- Provided material -
# # # #

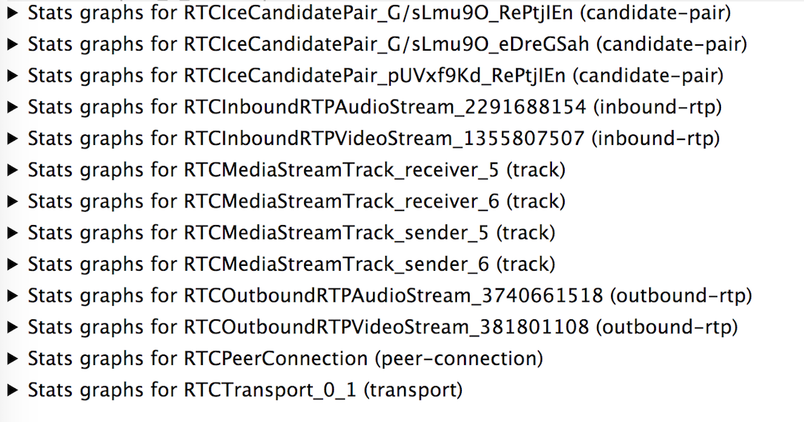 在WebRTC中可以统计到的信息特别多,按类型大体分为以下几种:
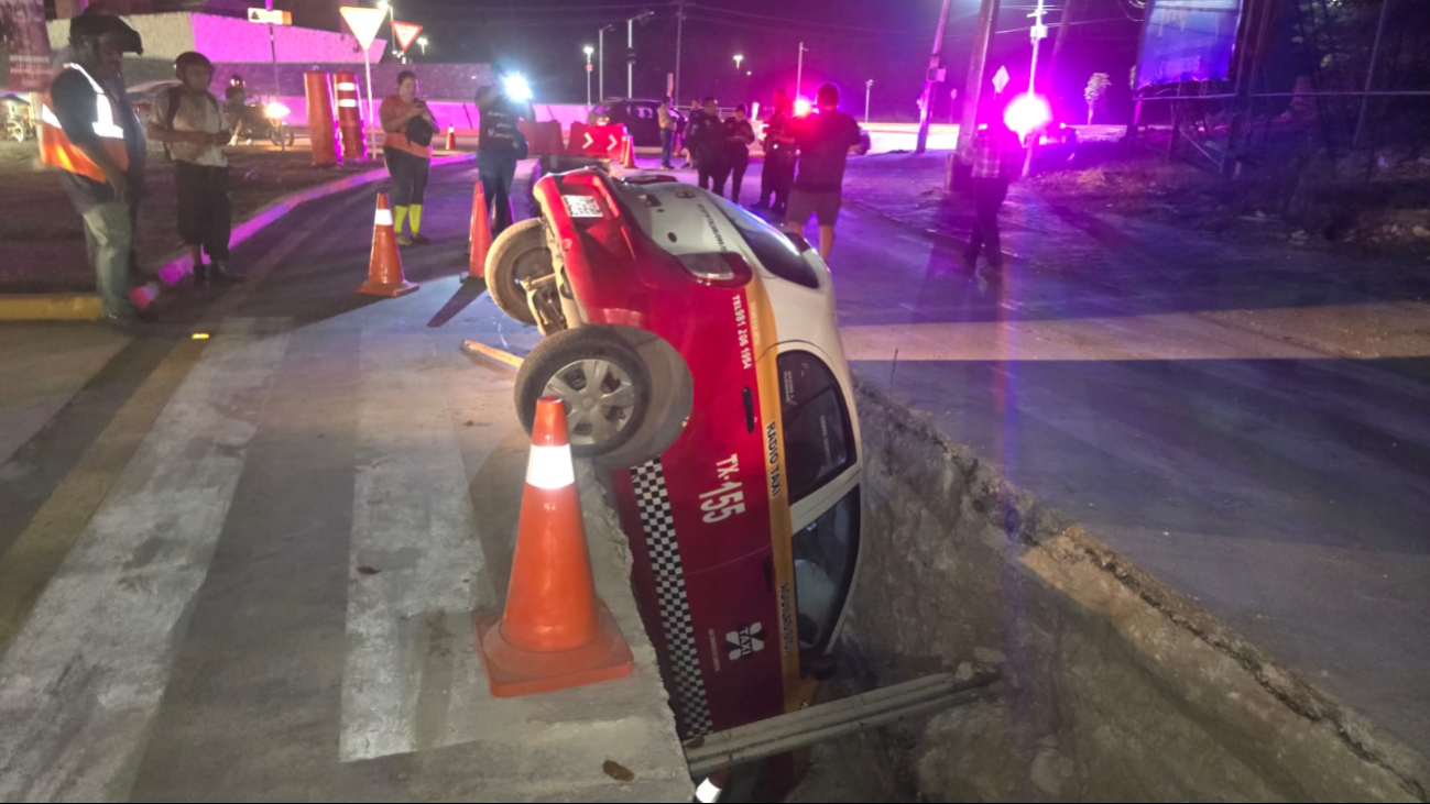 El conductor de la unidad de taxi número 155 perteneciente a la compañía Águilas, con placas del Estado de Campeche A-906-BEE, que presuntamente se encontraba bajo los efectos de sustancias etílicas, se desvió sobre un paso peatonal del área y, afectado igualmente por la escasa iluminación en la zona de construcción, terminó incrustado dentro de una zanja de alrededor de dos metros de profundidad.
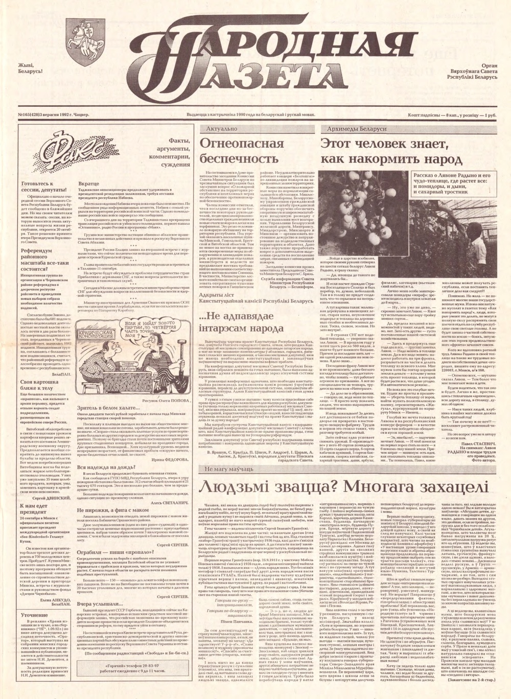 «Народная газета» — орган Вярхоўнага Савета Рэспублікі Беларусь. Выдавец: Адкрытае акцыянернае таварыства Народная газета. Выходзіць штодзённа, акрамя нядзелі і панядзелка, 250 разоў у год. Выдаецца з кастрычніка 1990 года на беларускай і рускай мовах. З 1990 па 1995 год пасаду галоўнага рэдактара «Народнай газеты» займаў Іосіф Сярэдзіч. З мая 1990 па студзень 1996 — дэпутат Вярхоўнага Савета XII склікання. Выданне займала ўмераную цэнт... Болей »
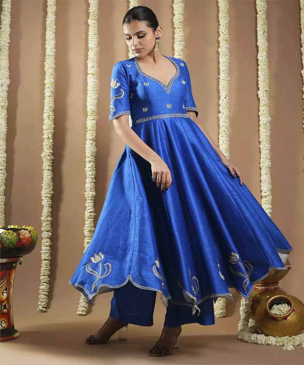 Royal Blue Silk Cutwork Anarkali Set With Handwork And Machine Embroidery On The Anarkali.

# # # #

- Assignment -
Copy the listing exactly. Leave the pictures out.

- Result -
 在WebRTC中可以统计到的信息特别多,按类型大体分为以下几种:
 El conductor de la unidad de taxi número 155 perteneciente a la compañía Águilas, con placas del Estado de Campeche A-906-BEE, que presuntamente se encontraba bajo los efectos de sustancias etílicas, se desvió sobre un paso peatonal del área y, afectado igualmente por la escasa iluminación en la zona de construcción, terminó incrustado dentro de una zanja de alrededor de dos metros de profundidad.
 «Народная газета» — орган Вярхоўнага Савета Рэспублікі Беларусь. Выдавец: Адкрытае акцыянернае таварыства Народная газета. Выходзіць штодзённа, акрамя нядзелі і панядзелка, 250 разоў у год. Выдаецца з кастрычніка 1990 года на беларускай і рускай мовах. З 1990 па 1995 год пасаду галоўнага рэдактара «Народнай газеты» займаў Іосіф Сярэдзіч. З мая 1990 па студзень 1996 — дэпутат Вярхоўнага Савета XII склікання. Выданне займала ўмераную цэнт... Болей »
 Royal Blue Silk Cutwork Anarkali Set With Handwork And Machine Embroidery On The Anarkali.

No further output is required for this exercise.